### Provided information ###

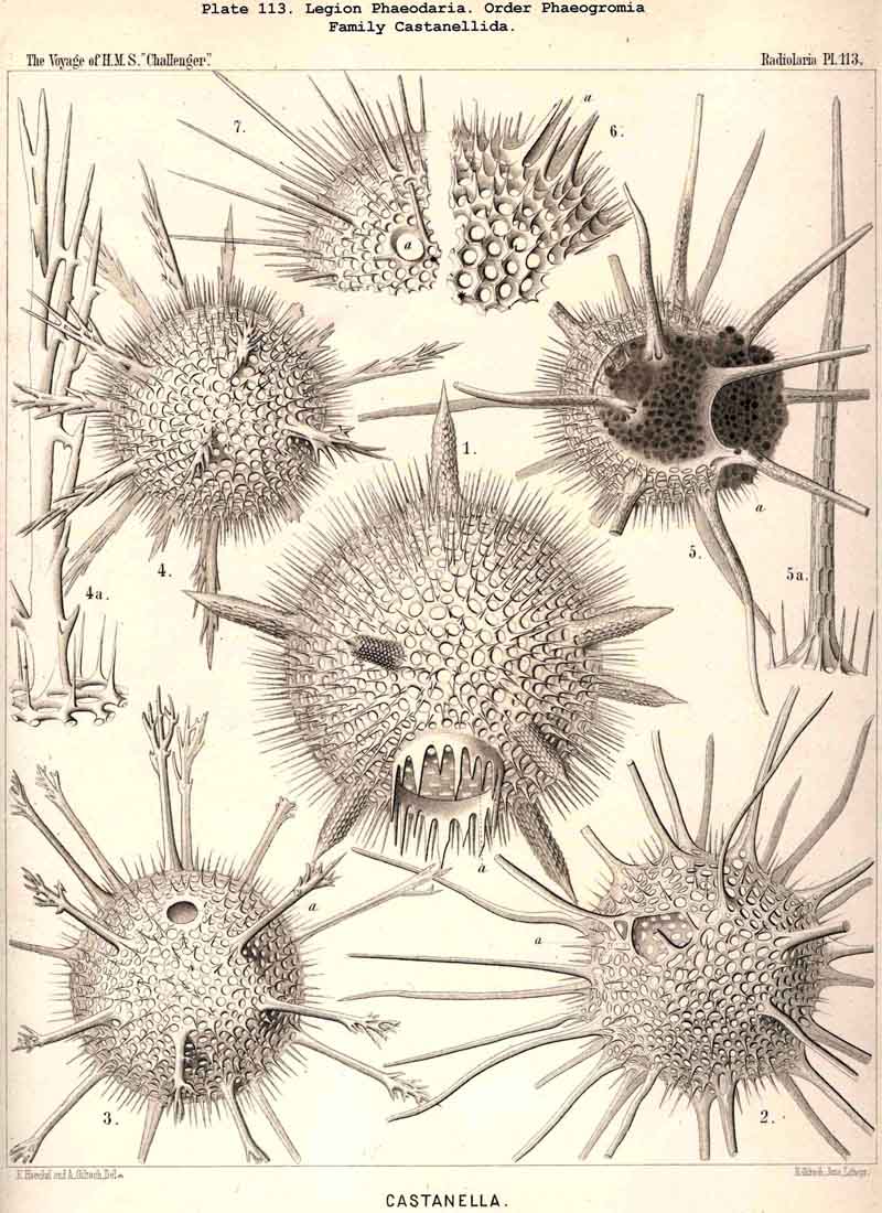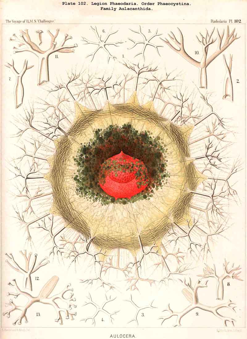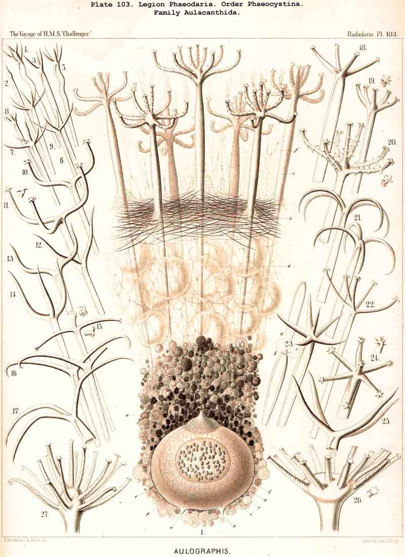 A. The phaeodium of Aulacantha, Thalassoplancta, and Coelodendrum was first described in 1862, in my Monograph, as an excentric extracapsular mass of pigment of blackish-brown or olive-green colour (pp. 87, 262, 264, 361, Taf. ii. iii. xxxii.). Since then John Murray, who investigated many living PHAEODARIA during the Challenger expedition, has shown its general distribution in this legion (Proc. Roy. Soc. Lond., vol. xxiv. p. 536, 1876). From the constancy of its presence I gave the legion the name PHAEODARIA in 1879 (L. N. 34).
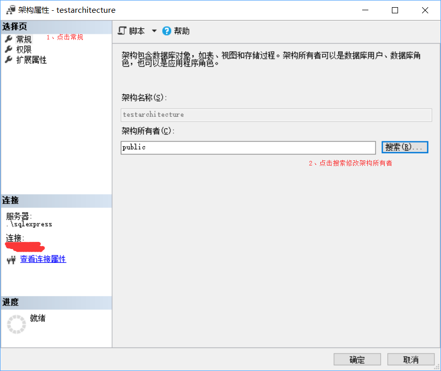 2、在架构属性弹出框-》点击常规-》点击搜索修改架构所有者。
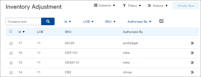 From the Dashboard: Click the “Warehouse Operations” tab, click the “Inventory Management” App, then click the “Inventory Adjustments” Table.
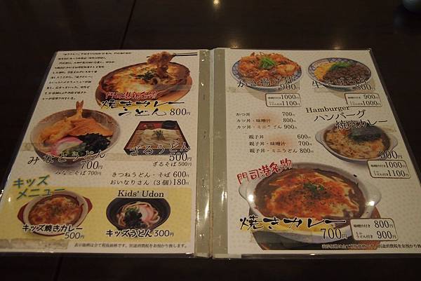 打開餐牌,除了主打燒咖喱飯及鳥冬之外,還有其他丼物、天婦羅等等。
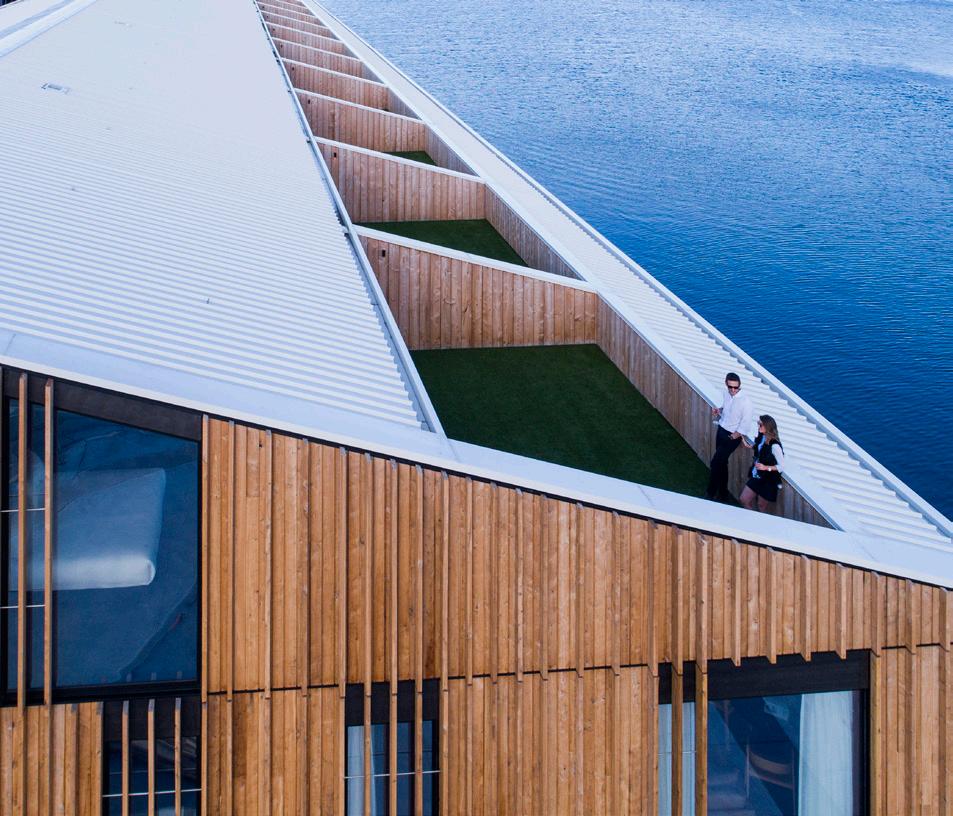 The hotel’s five stunning The Landing Suites, designed by Cheshire Architects and Lucas Design Associates, are inspired by bays at sister property The Landing, with three on the 10th floor and two in a glass pavilion atop the adjacent century-old Buckland Building.
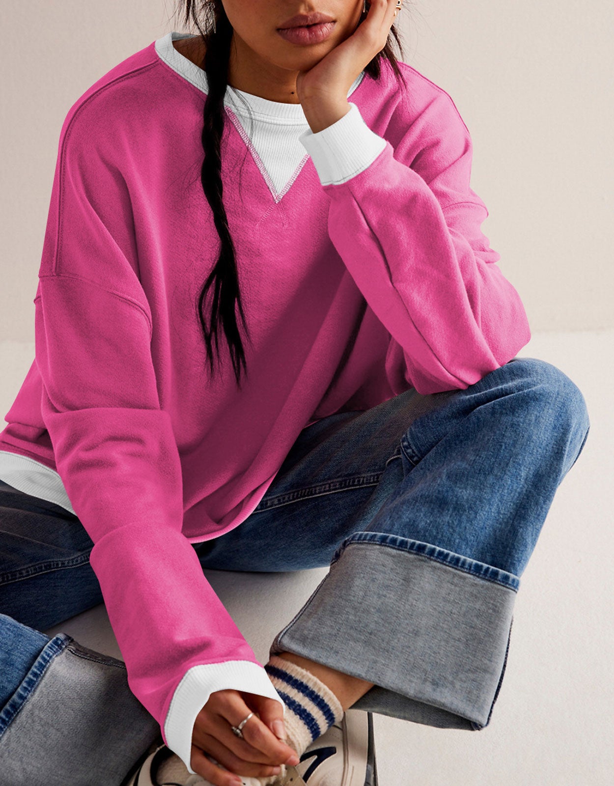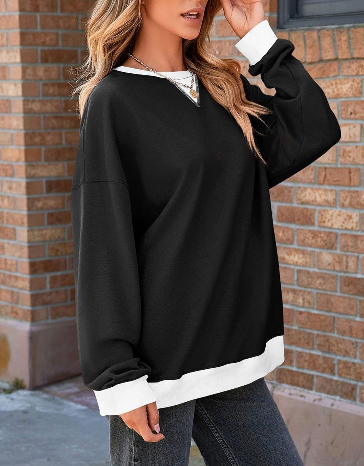 - Features:Add a cool and classic touch to your sweatshirt collection with this timeless piece featured in a slouchy, oversized fit with crew neckline, dropped shoulders, and contrast trims for an added special touch.
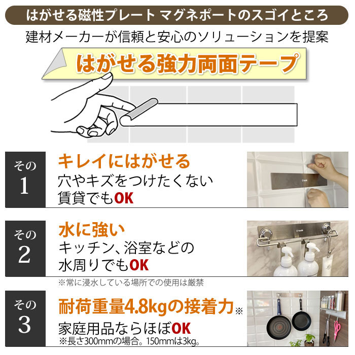 金属(鉄、アルミ、ステンレスなど)、ガラス、内装タイル、キッチンパネル、密着強力な塗装面。※平滑面での加重目安は4.8kg(保証値ではありません)
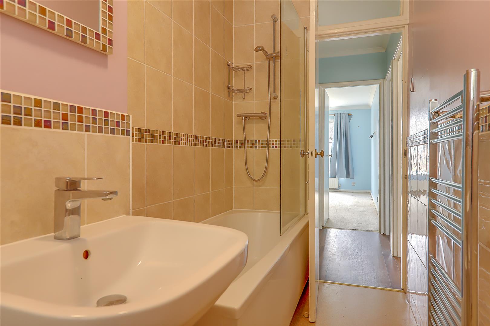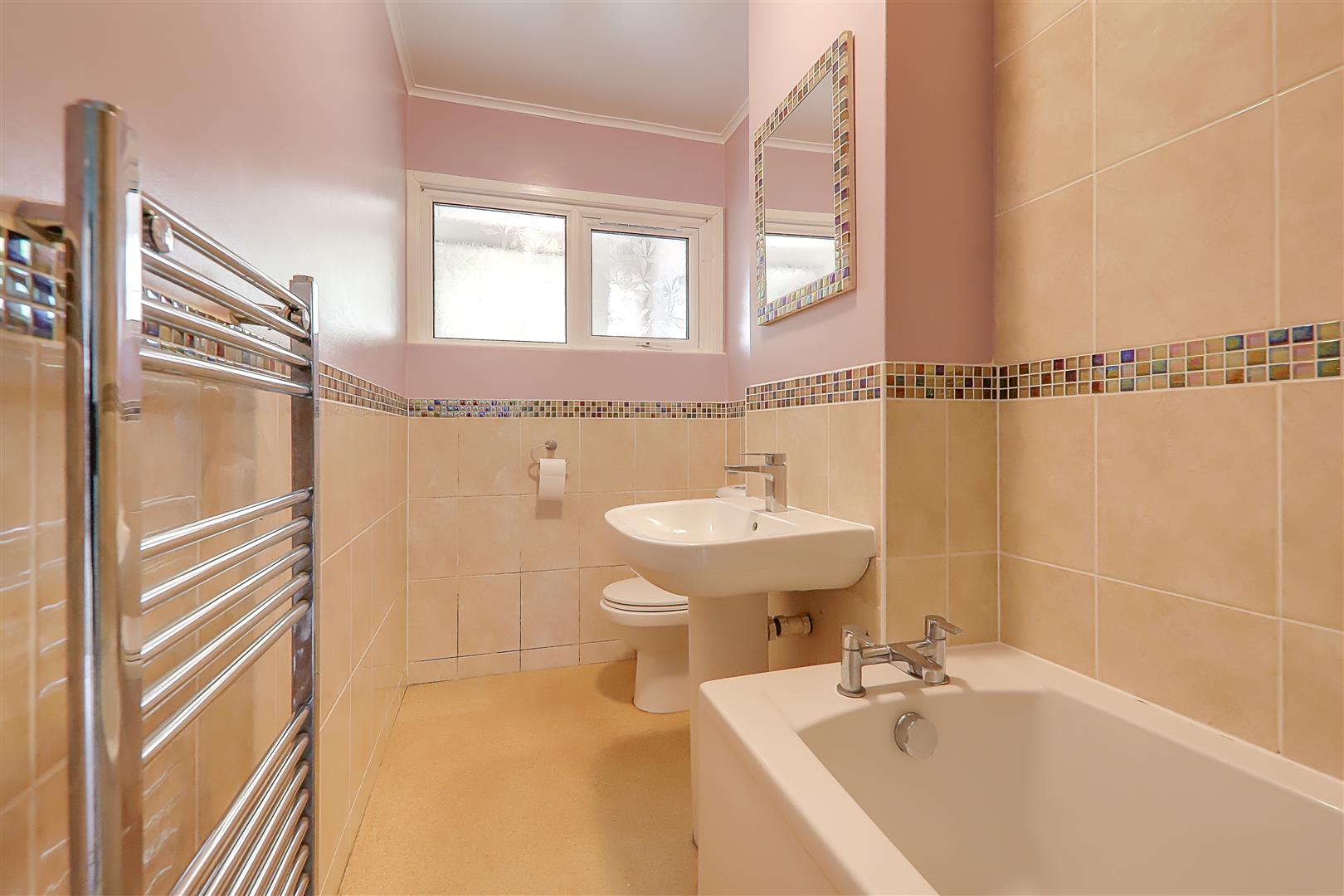 Half tiled walls. Low level Wc. Matching wash hand basin. Panelled bath with shower attachment above. Frosted double glazed window. Wall mounted heated towel rail.
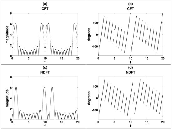 Spectral results of the function with a s = 0.1, with both the proposed CFT in magnitude (a) and phase (b), as well as NDFT in magnitude (c) and phase (d).
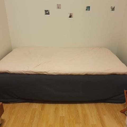 Overmadrassen har en del flekker og bør byttes ut eller renses. Men resten av senga er fin. En veldig god seng med mye bruk igjen.
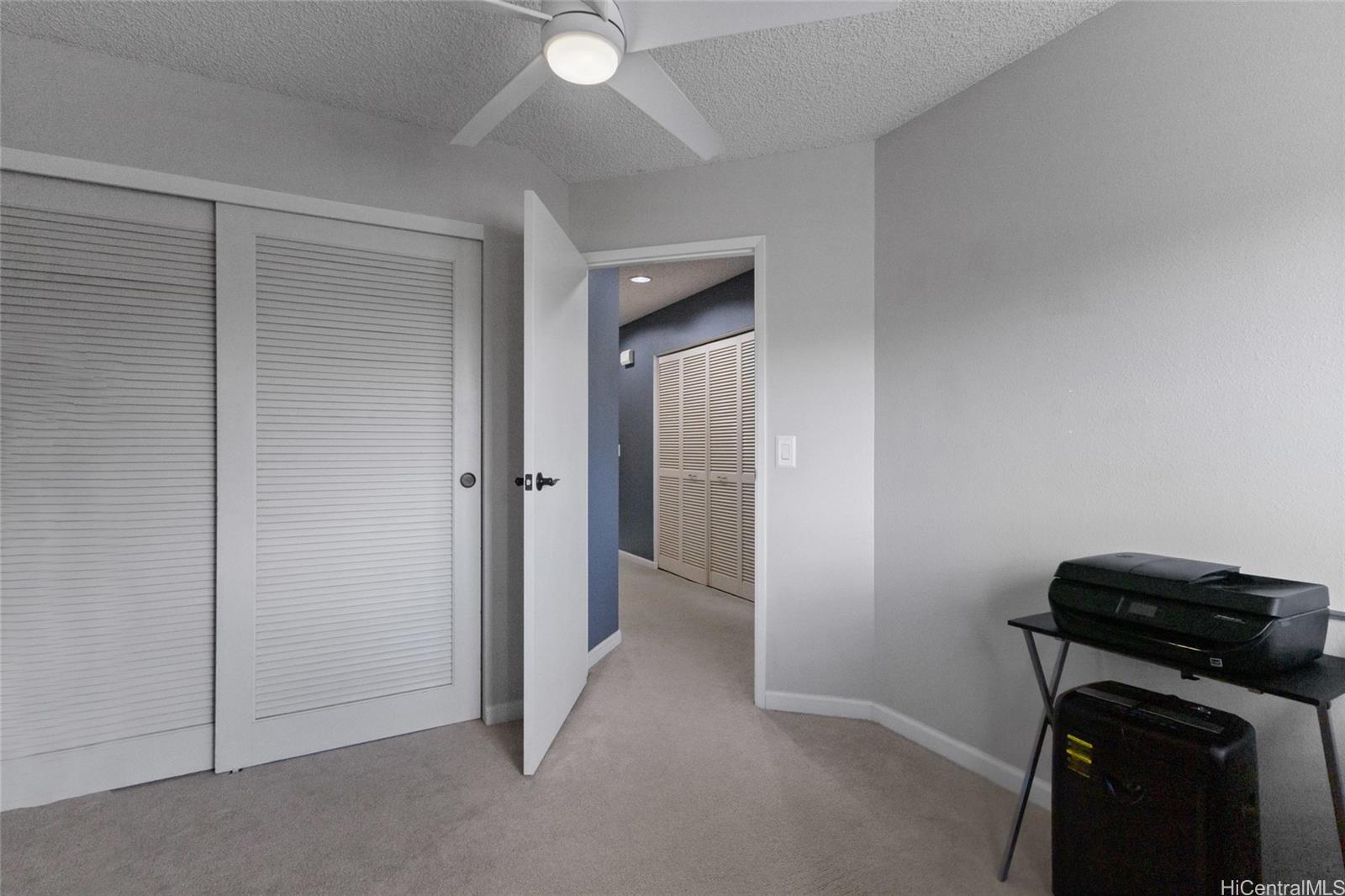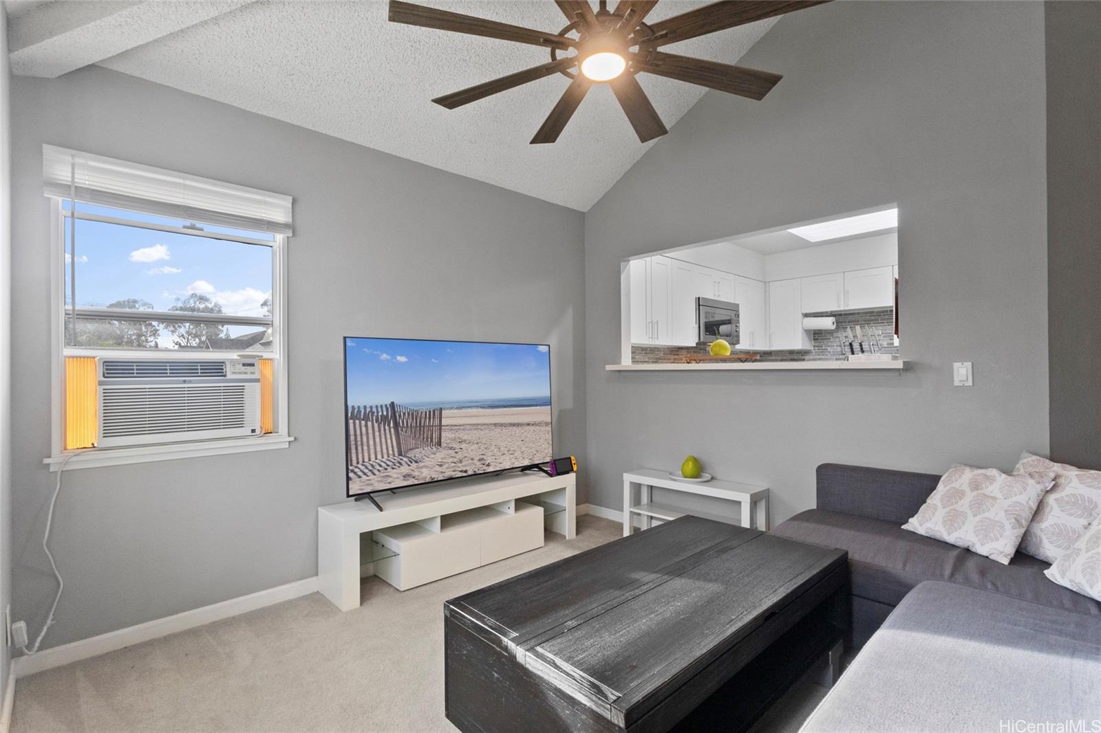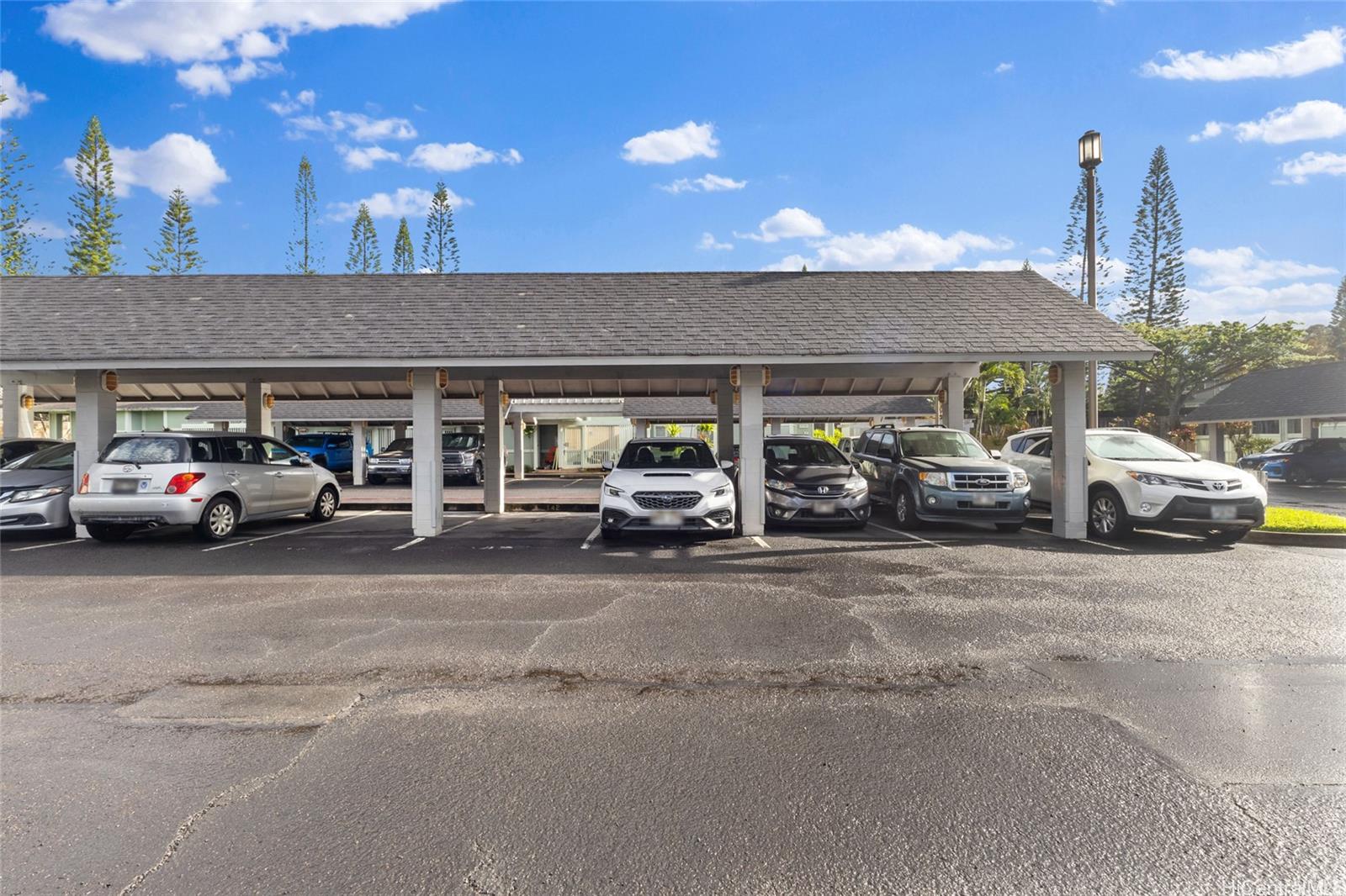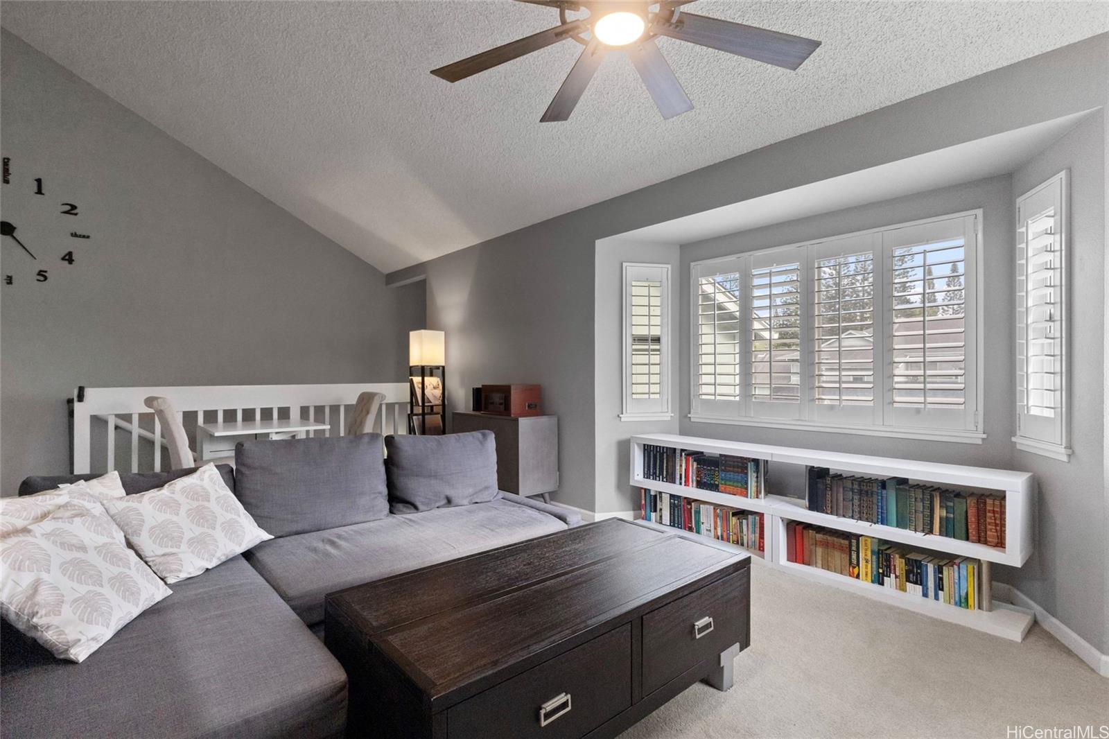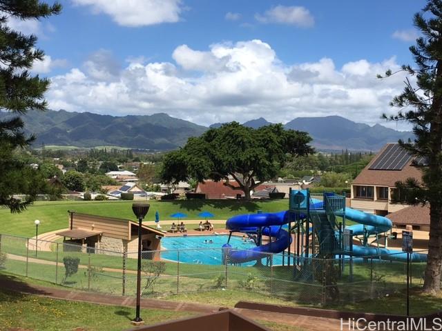 Whether you are a first-time buyer, downsizing, or investing, this community checks the boxes for convenience & livability. This well-maintained townhome in Kumelewai Court is pet friendly & offers a rare opportunity of a spacious two-bedrooms & one-bath in a community known for family-friendly amenities and convenience. This unit is located right at the top of the steps, which means you don’t have any neighbors above you — just extra privacy and high vaulted ceilings. With two assigned parking stalls (one covered) & vaulted ceilings creating an open feeling. This unit has been tastefully updated kitchen & bathroom plus lovely plantation shutters in each window. Located directly across from the Mililani Mauka shopping center, close to multiple military bases & this home also benefits from easy freeway access. Don't miss the opportunity. Welcome to your home in Mililani Mauka!

###

Problem to work on | Go to the line above that contains "2、在架构属性弹出框-》点击常规-》点击搜索修改架构所有者。" and reproduce everything exactly from there through the line that contains "- Features:Add a", leaving out the pictures.

Answer to this exercise |
 2、在架构属性弹出框-》点击常规-》点击搜索修改架构所有者。
 From the Dashboard: Click the “Warehouse Operations” tab, click the “Inventory Management” App, then click the “Inventory Adjustments” Table.
 打開餐牌,除了主打燒咖喱飯及鳥冬之外,還有其他丼物、天婦羅等等。
 The hotel’s five stunning The Landing Suites, designed by Cheshire Architects and Lucas Design Associates, are inspired by bays at sister property The Landing, with three on the 10th floor and two in a glass pavilion atop the adjacent century-old Buckland Building.
 - Features:Add a cool and classic touch to your sweatshirt collection with this timeless piece featured in a slouchy, oversized fit with crew neckline, dropped shoulders, and contrast trims for an added special touch.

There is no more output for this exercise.